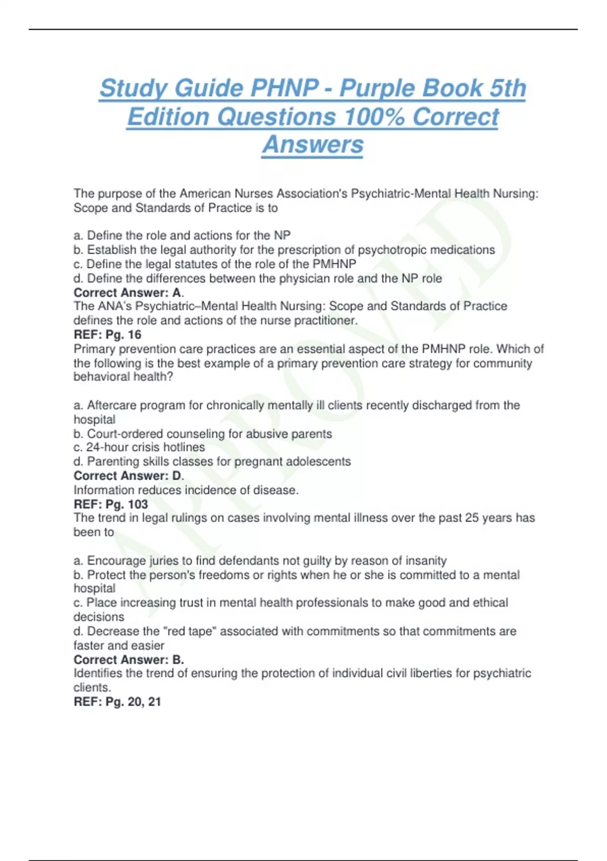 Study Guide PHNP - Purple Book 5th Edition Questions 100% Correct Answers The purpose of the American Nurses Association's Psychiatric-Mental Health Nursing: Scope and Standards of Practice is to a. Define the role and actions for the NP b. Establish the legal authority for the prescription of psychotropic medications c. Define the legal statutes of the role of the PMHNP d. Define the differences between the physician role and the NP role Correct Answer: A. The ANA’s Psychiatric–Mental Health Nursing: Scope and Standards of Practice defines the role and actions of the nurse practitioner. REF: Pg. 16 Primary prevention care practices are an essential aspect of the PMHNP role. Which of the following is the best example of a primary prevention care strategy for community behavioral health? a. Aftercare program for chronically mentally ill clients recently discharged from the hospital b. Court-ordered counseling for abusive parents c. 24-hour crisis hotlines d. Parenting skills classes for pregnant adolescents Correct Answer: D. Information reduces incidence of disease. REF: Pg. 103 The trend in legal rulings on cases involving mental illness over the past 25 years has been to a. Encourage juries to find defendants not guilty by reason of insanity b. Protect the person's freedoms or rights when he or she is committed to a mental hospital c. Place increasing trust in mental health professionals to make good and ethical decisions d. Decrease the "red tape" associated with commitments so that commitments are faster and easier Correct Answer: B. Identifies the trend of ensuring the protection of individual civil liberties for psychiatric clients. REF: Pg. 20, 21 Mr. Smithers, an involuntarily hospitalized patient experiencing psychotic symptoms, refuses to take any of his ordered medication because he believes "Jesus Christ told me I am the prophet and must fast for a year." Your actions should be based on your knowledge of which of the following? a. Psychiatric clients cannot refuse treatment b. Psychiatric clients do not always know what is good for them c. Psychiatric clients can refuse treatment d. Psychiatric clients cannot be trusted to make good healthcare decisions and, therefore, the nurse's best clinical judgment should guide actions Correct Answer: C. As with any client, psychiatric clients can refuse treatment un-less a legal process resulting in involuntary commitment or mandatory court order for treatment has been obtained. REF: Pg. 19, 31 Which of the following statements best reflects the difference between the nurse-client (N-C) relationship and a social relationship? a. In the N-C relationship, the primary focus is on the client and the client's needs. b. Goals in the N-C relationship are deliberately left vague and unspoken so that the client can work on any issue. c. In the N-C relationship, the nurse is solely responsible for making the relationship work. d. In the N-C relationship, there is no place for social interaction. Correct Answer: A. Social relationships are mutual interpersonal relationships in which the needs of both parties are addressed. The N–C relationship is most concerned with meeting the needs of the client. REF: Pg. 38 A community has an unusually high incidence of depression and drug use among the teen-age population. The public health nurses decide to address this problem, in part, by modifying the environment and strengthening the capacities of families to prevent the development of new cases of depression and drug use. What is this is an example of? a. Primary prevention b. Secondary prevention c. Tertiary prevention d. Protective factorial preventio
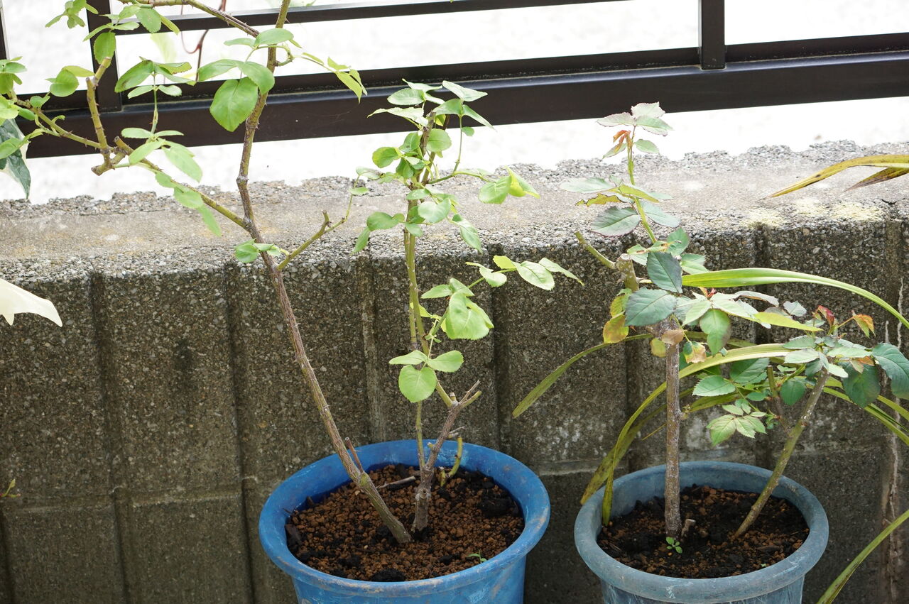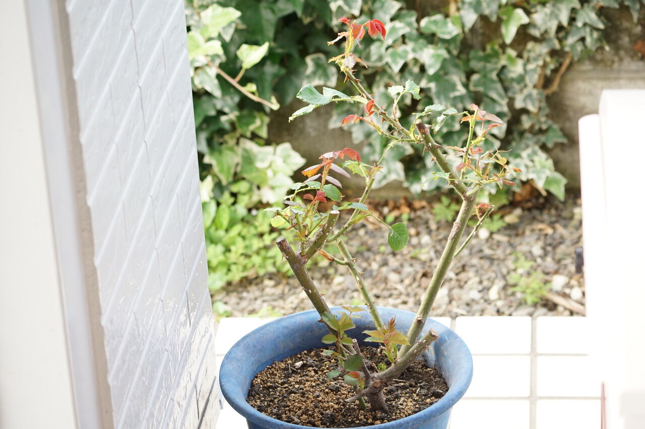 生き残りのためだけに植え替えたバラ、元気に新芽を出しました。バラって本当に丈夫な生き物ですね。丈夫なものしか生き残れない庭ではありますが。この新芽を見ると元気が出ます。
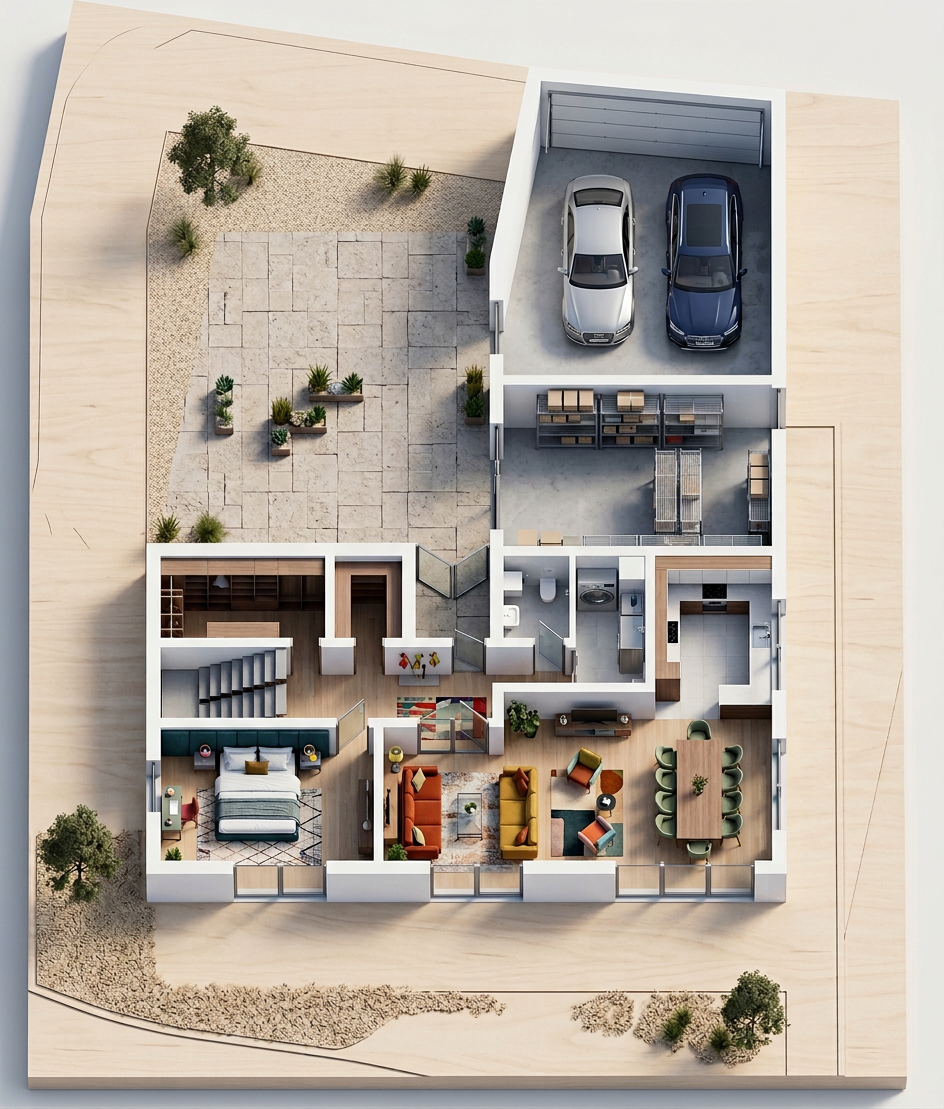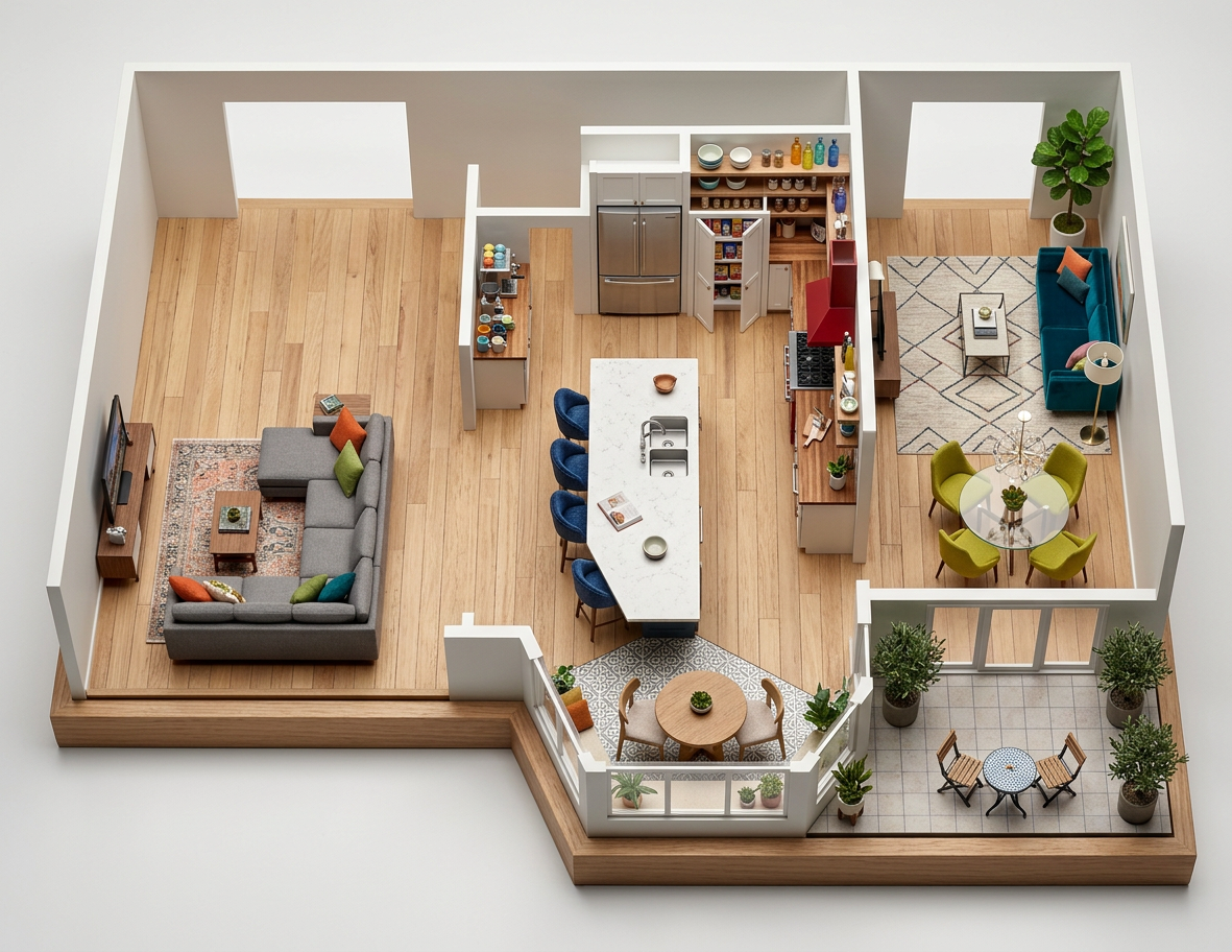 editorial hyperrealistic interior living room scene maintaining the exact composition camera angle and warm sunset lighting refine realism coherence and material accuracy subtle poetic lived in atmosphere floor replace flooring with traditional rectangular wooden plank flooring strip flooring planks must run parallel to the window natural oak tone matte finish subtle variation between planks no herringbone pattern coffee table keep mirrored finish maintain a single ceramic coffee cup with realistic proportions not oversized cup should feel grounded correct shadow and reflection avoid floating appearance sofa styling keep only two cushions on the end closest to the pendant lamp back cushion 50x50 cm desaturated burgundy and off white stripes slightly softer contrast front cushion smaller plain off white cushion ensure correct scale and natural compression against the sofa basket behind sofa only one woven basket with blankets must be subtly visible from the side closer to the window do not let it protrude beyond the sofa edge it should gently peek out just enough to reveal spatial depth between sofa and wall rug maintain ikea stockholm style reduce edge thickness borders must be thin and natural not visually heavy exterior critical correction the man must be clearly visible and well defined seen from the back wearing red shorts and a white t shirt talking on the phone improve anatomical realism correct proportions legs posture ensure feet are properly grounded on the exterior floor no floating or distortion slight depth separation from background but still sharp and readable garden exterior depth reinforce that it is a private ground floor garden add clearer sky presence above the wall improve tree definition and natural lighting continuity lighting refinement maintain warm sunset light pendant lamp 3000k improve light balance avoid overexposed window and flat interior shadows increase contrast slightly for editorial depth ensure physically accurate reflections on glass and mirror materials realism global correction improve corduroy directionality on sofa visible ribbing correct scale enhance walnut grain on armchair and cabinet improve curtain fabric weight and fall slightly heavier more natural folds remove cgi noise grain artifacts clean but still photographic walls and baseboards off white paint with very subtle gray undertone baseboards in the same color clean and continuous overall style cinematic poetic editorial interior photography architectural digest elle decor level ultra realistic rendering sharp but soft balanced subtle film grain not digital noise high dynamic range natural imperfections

-=-=-=-=-

What you need to do >>
Without any pictures, print the whole listing again exactly as it stands.

Response to this task >>
 Study Guide PHNP - Purple Book 5th Edition Questions 100% Correct Answers The purpose of the American Nurses Association's Psychiatric-Mental Health Nursing: Scope and Standards of Practice is to a. Define the role and actions for the NP b. Establish the legal authority for the prescription of psychotropic medications c. Define the legal statutes of the role of the PMHNP d. Define the differences between the physician role and the NP role Correct Answer: A. The ANA’s Psychiatric–Mental Health Nursing: Scope and Standards of Practice defines the role and actions of the nurse practitioner. REF: Pg. 16 Primary prevention care practices are an essential aspect of the PMHNP role. Which of the following is the best example of a primary prevention care strategy for community behavioral health? a. Aftercare program for chronically mentally ill clients recently discharged from the hospital b. Court-ordered counseling for abusive parents c. 24-hour crisis hotlines d. Parenting skills classes for pregnant adolescents Correct Answer: D. Information reduces incidence of disease. REF: Pg. 103 The trend in legal rulings on cases involving mental illness over the past 25 years has been to a. Encourage juries to find defendants not guilty by reason of insanity b. Protect the person's freedoms or rights when he or she is committed to a mental hospital c. Place increasing trust in mental health professionals to make good and ethical decisions d. Decrease the "red tape" associated with commitments so that commitments are faster and easier Correct Answer: B. Identifies the trend of ensuring the protection of individual civil liberties for psychiatric clients. REF: Pg. 20, 21 Mr. Smithers, an involuntarily hospitalized patient experiencing psychotic symptoms, refuses to take any of his ordered medication because he believes "Jesus Christ told me I am the prophet and must fast for a year." Your actions should be based on your knowledge of which of the following? a. Psychiatric clients cannot refuse treatment b. Psychiatric clients do not always know what is good for them c. Psychiatric clients can refuse treatment d. Psychiatric clients cannot be trusted to make good healthcare decisions and, therefore, the nurse's best clinical judgment should guide actions Correct Answer: C. As with any client, psychiatric clients can refuse treatment un-less a legal process resulting in involuntary commitment or mandatory court order for treatment has been obtained. REF: Pg. 19, 31 Which of the following statements best reflects the difference between the nurse-client (N-C) relationship and a social relationship? a. In the N-C relationship, the primary focus is on the client and the client's needs. b. Goals in the N-C relationship are deliberately left vague and unspoken so that the client can work on any issue. c. In the N-C relationship, the nurse is solely responsible for making the relationship work. d. In the N-C relationship, there is no place for social interaction. Correct Answer: A. Social relationships are mutual interpersonal relationships in which the needs of both parties are addressed. The N–C relationship is most concerned with meeting the needs of the client. REF: Pg. 38 A community has an unusually high incidence of depression and drug use among the teen-age population. The public health nurses decide to address this problem, in part, by modifying the environment and strengthening the capacities of families to prevent the development of new cases of depression and drug use. What is this is an example of? a. Primary prevention b. Secondary prevention c. Tertiary prevention d. Protective factorial preventio
 生き残りのためだけに植え替えたバラ、元気に新芽を出しました。バラって本当に丈夫な生き物ですね。丈夫なものしか生き残れない庭ではありますが。この新芽を見ると元気が出ます。
 editorial hyperrealistic interior living room scene maintaining the exact composition camera angle and warm sunset lighting refine realism coherence and material accuracy subtle poetic lived in atmosphere floor replace flooring with traditional rectangular wooden plank flooring strip flooring planks must run parallel to the window natural oak tone matte finish subtle variation between planks no herringbone pattern coffee table keep mirrored finish maintain a single ceramic coffee cup with realistic proportions not oversized cup should feel grounded correct shadow and reflection avoid floating appearance sofa styling keep only two cushions on the end closest to the pendant lamp back cushion 50x50 cm desaturated burgundy and off white stripes slightly softer contrast front cushion smaller plain off white cushion ensure correct scale and natural compression against the sofa basket behind sofa only one woven basket with blankets must be subtly visible from the side closer to the window do not let it protrude beyond the sofa edge it should gently peek out just enough to reveal spatial depth between sofa and wall rug maintain ikea stockholm style reduce edge thickness borders must be thin and natural not visually heavy exterior critical correction the man must be clearly visible and well defined seen from the back wearing red shorts and a white t shirt talking on the phone improve anatomical realism correct proportions legs posture ensure feet are properly grounded on the exterior floor no floating or distortion slight depth separation from background but still sharp and readable garden exterior depth reinforce that it is a private ground floor garden add clearer sky presence above the wall improve tree definition and natural lighting continuity lighting refinement maintain warm sunset light pendant lamp 3000k improve light balance avoid overexposed window and flat interior shadows increase contrast slightly for editorial depth ensure physically accurate reflections on glass and mirror materials realism global correction improve corduroy directionality on sofa visible ribbing correct scale enhance walnut grain on armchair and cabinet improve curtain fabric weight and fall slightly heavier more natural folds remove cgi noise grain artifacts clean but still photographic walls and baseboards off white paint with very subtle gray undertone baseboards in the same color clean and continuous overall style cinematic poetic editorial interior photography architectural digest elle decor level ultra realistic rendering sharp but soft balanced subtle film grain not digital noise high dynamic range natural imperfections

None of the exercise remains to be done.